20 de junho de 2013 às 12h58

Por um triz

Falta uma infelicidade qualquer para que algum desses atos públicos nas capitais se transforme em tragédia. Alguém tropeça, puxando outros consigo, durante uma correria. Um bate-boca leva ao pugilato e a trocas de facadas ou garrafadas. Um bandido infiltrado, civil ou militar, aproveita qualquer tumulto para dar um tiro na direção da turba. Um tijolo despenca do décimo andar de um prédio. Uma bomba explode no lugar errado.

E assim, de repente, surge o primeiro cadáver dos protestos.

O simples fato de tudo estar tão sujeito ao acaso e à boa-vontade das gentes já é sintoma de perigosa fragilidade. Se considerarmos o caos probabilístico gerado por um fenômeno em que dezenas de milhares de pessoas se espremem pelas ruas da metrópole, concluímos que os anjos das passeatas vêm trabalhando como nunca.
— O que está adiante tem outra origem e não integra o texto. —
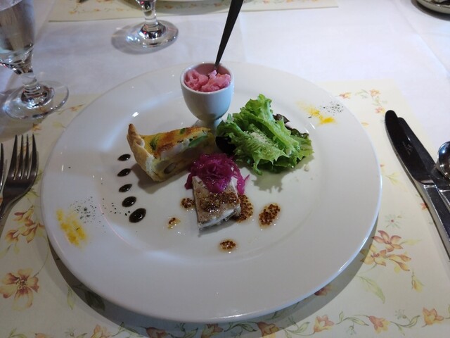 オードブル、自家製パン、ポタージュ(長ねぎとビーツ)、メイン料理(牛のステーキ)、自家製ケーキ(苺とメロンのショートケーキを選択)、コーヒー。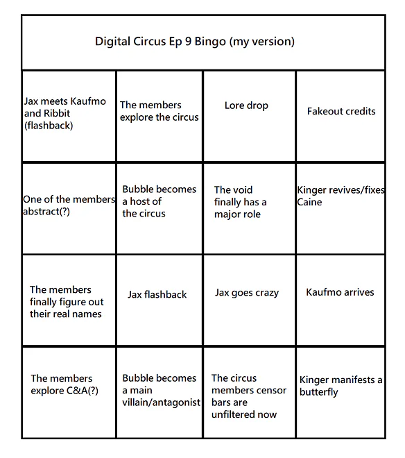 Here's a bingo card for ep 9, it might not be accurate but at least I tried :p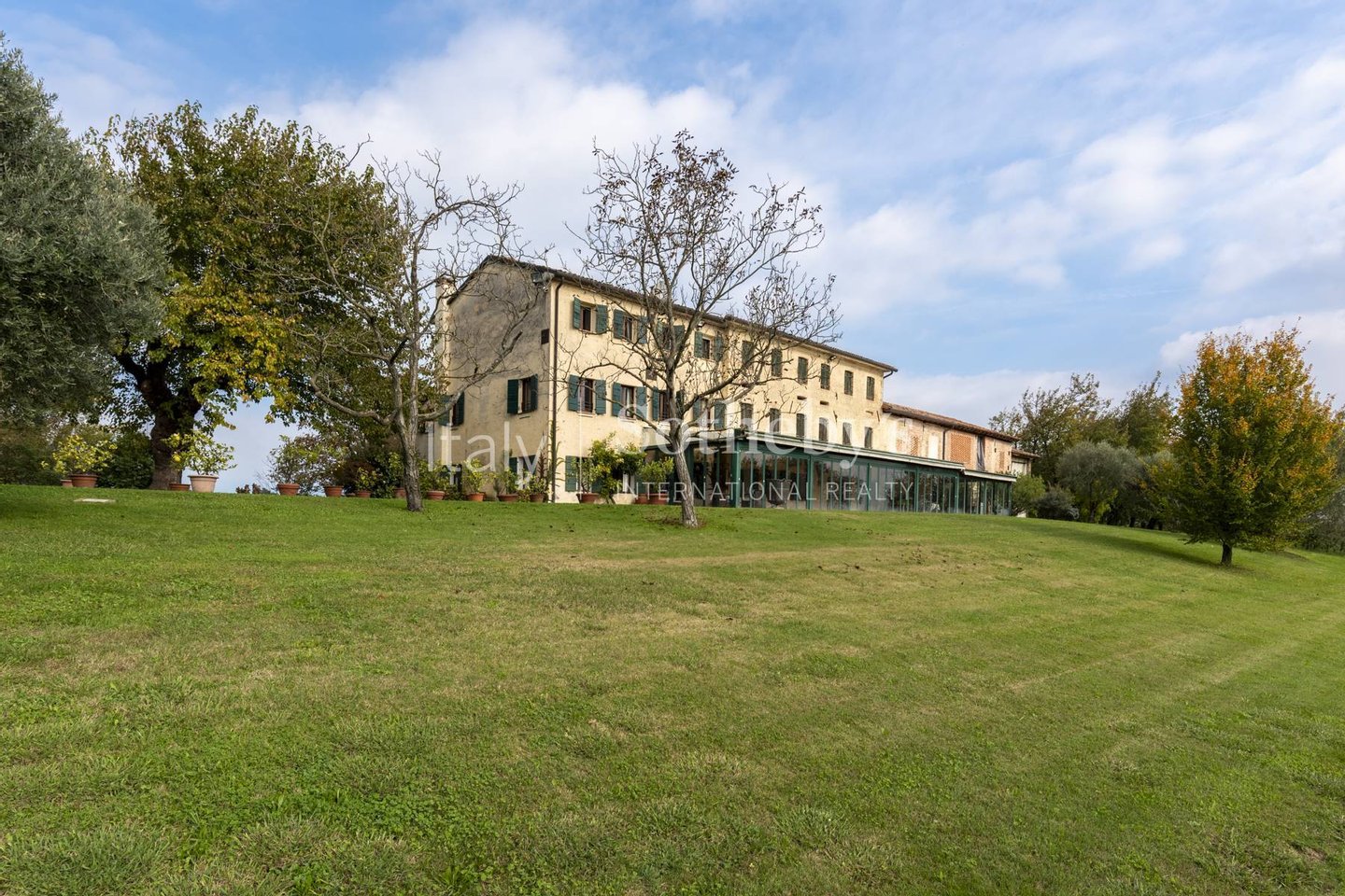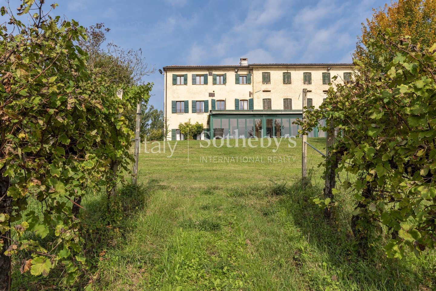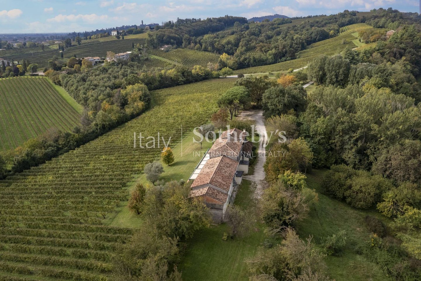 Dieses spektakuläre Anwesen, auf dem Gipfel eines Hügels in einem von der UNESCO geschützten Gebiet für seine landschaftliche Schönheit, befindet sich in einer einzigartigen Region, geschmückt mit langen Weinrebenreihen zwischen Schlössern und harmonischen Ausblicken. Die mehr als 6 Hektar dieser Immobilie, von denen die Hälfte mit Prosecco DOCG-Weinbergen bepflanzt sind, wurden durch die Arbeit und Kultur der Winzer rund um dieses typische Landhaus gestaltet, was ein bezauberndes Panorama schafft. Die Liebe zur Tradition hat den Stil dieses Anwesens bewahrt, das seit Beginn des 20. Jahrhunderts die Gegend dominiert und im Laufe der Jahre ein erholsames Privatdomizil im Grünen sowie ein Treffpunkt für gesellige Zusammenkünfte wurde, bei denen man die außergewöhnliche lokale Küche und gute Weine genießen kann, während man die magische Umgebung bewundert. Die verschiedenen Restaurierungen haben die markanten Merkmale wie die historischen Kamine, die originale Dachkonstruktion und das authentische Terrakotta-Parkettboden aufgewertet. Zu den Innenräumen gehören die Salons im Erdgeschoss mit den Servicebereichen, die Unterkünfte in den oberen Etagen und die großen Scheunen. Das Landhaus ist von einem bewaldeten Park umgeben und bietet einen 360-Grad-Blick mit einer außergewöhnlichen Sonnenexposition. Die Lage ist in einer ruhigen Gegend, jedoch gut an das Straßennetz angebunden, mit direkter Verbindung zu Venedig und den Dolomiten.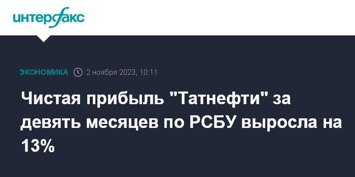 Москва. 2 ноября. INTERFAX.RU - Чистая прибыль "Татнефти" за девять месяцев 2023 года по РСБУ выросла на 13% относительно аналогичного периода прошлого года, до 208,395 млрд рублей, следует из отчета компании.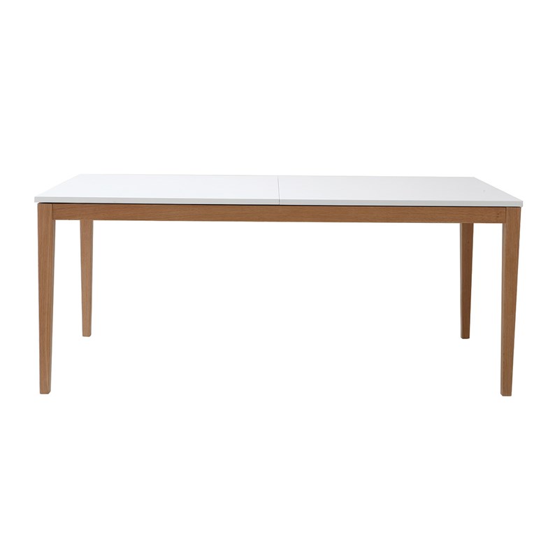 Table à manger extensible blanche pieds bois rectangulaire l180-260 cm delah
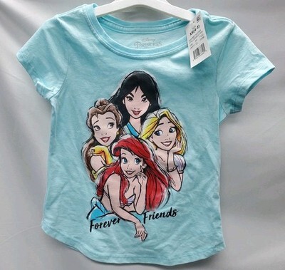Girls Disney Princesses T-Shirt XS 4-5 Light Blue Forever Friends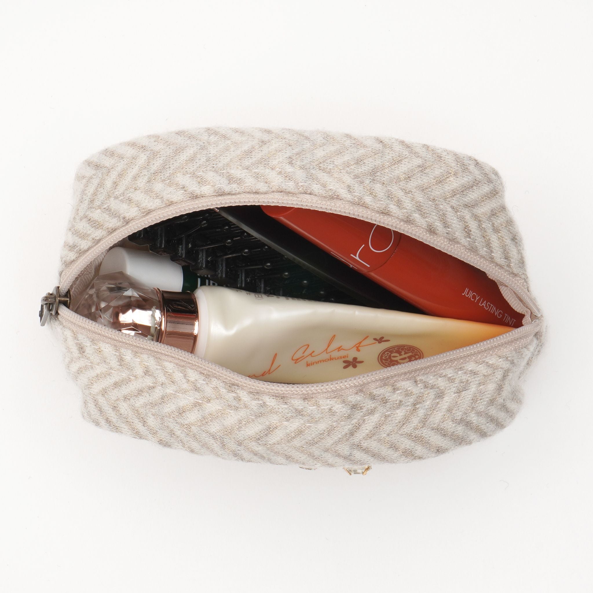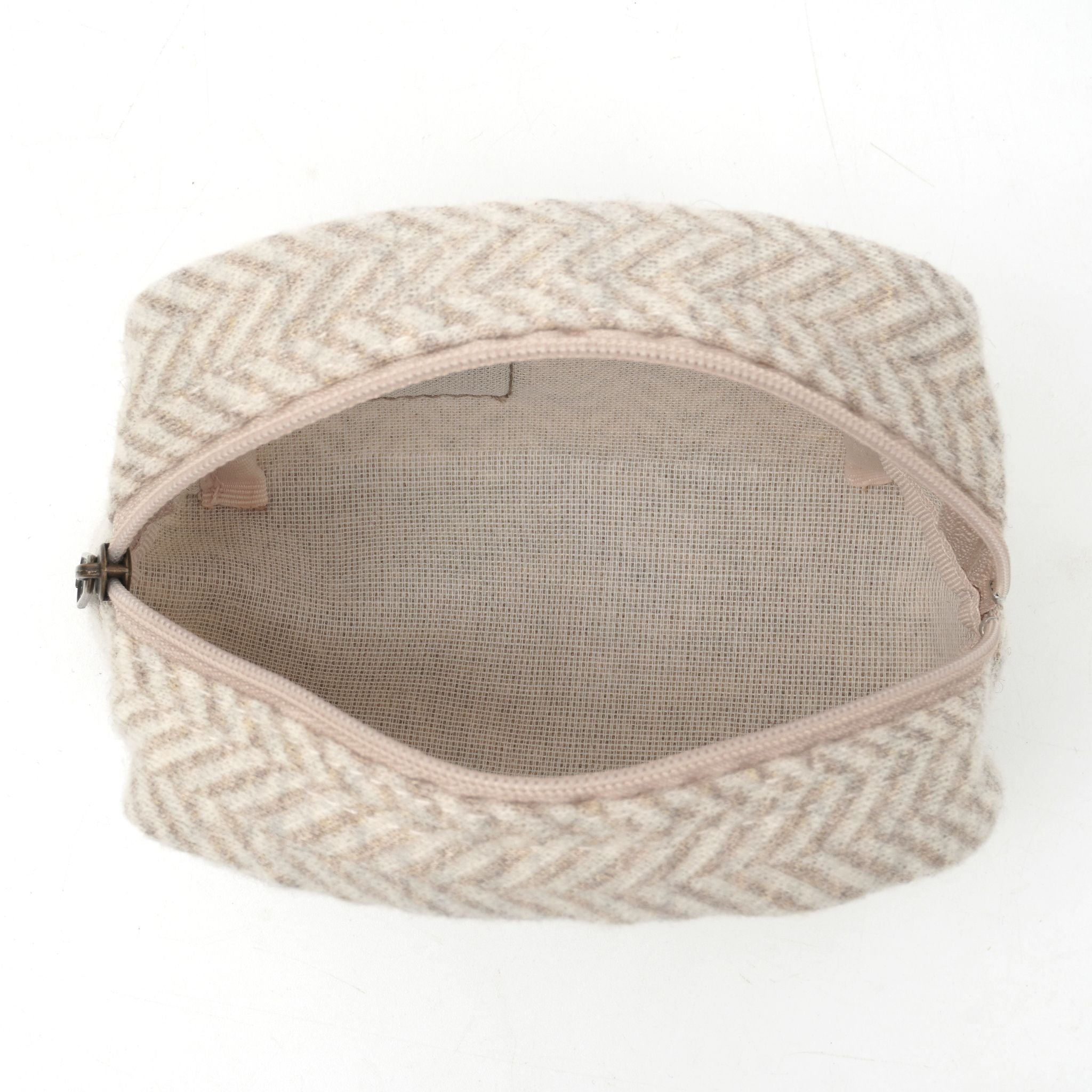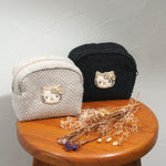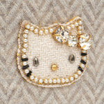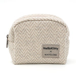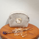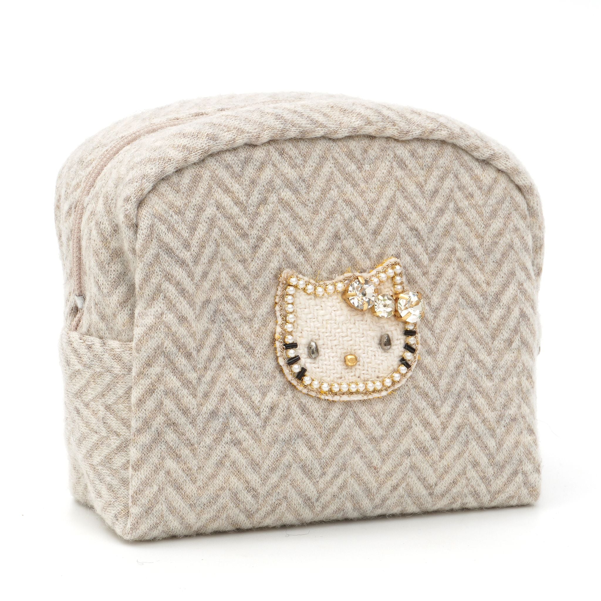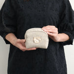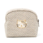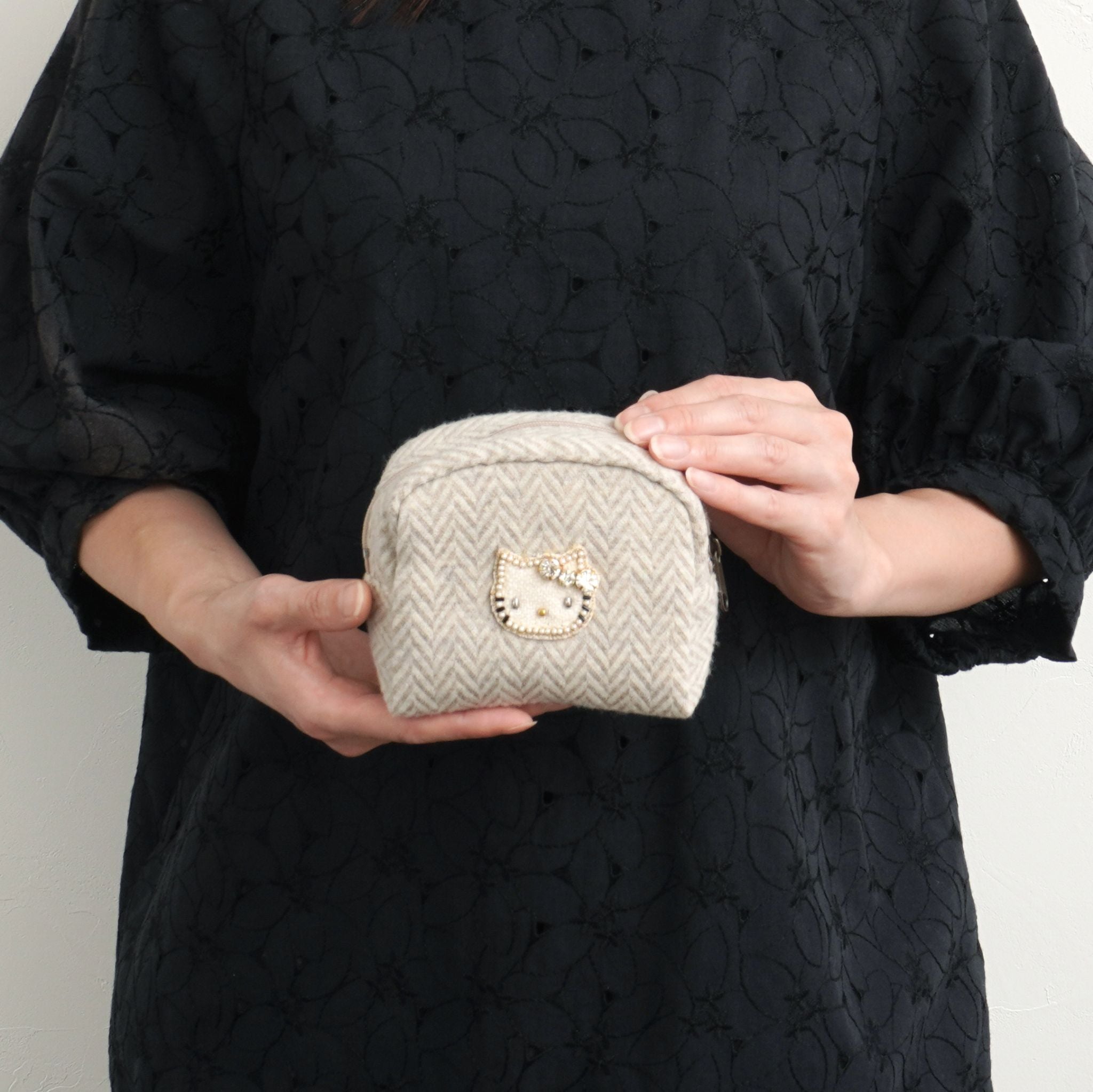 上品な冬素材で仕立てた、柔らかなホワイトヘリンボーン柄のポーチ。やさしいホワイトトーンの生地に、きらりと輝くビジューをあしらったハローキティのワンポイントが、大人の可愛さをさりげなく添えます。ふんわりとした手触りで季節感もたっぷり。コンパクトながらマチが広く、コスメや小物をすっきり収納できる実用性も魅力です。バッグの中にほっとする温もりと華やぎを与えてくれる、冬のお出かけにぴったりのアイテムです。

É quase absurdo que não tenha ocorrido alguma ocorrência fatal, especialmente porque as chances se multiplicam na repetição diária dos atos.

Talvez eu esteja apenas sendo pessimista, mas na base de toda medida preventiva existe uma dose de fatalismo. Depois de acontecer o pior, será inútil discutir se houve uma coincidência idiota ou a ação de malfeitores oportunistas. Não podemos menosprezar a possibilidade de que alguém esteja ansioso para que a violência fuja ao controle da imensa maioria pacifista. É necessário, portanto, que os organizadores dos protestos passem a trabalhar com esse risco de forma responsável.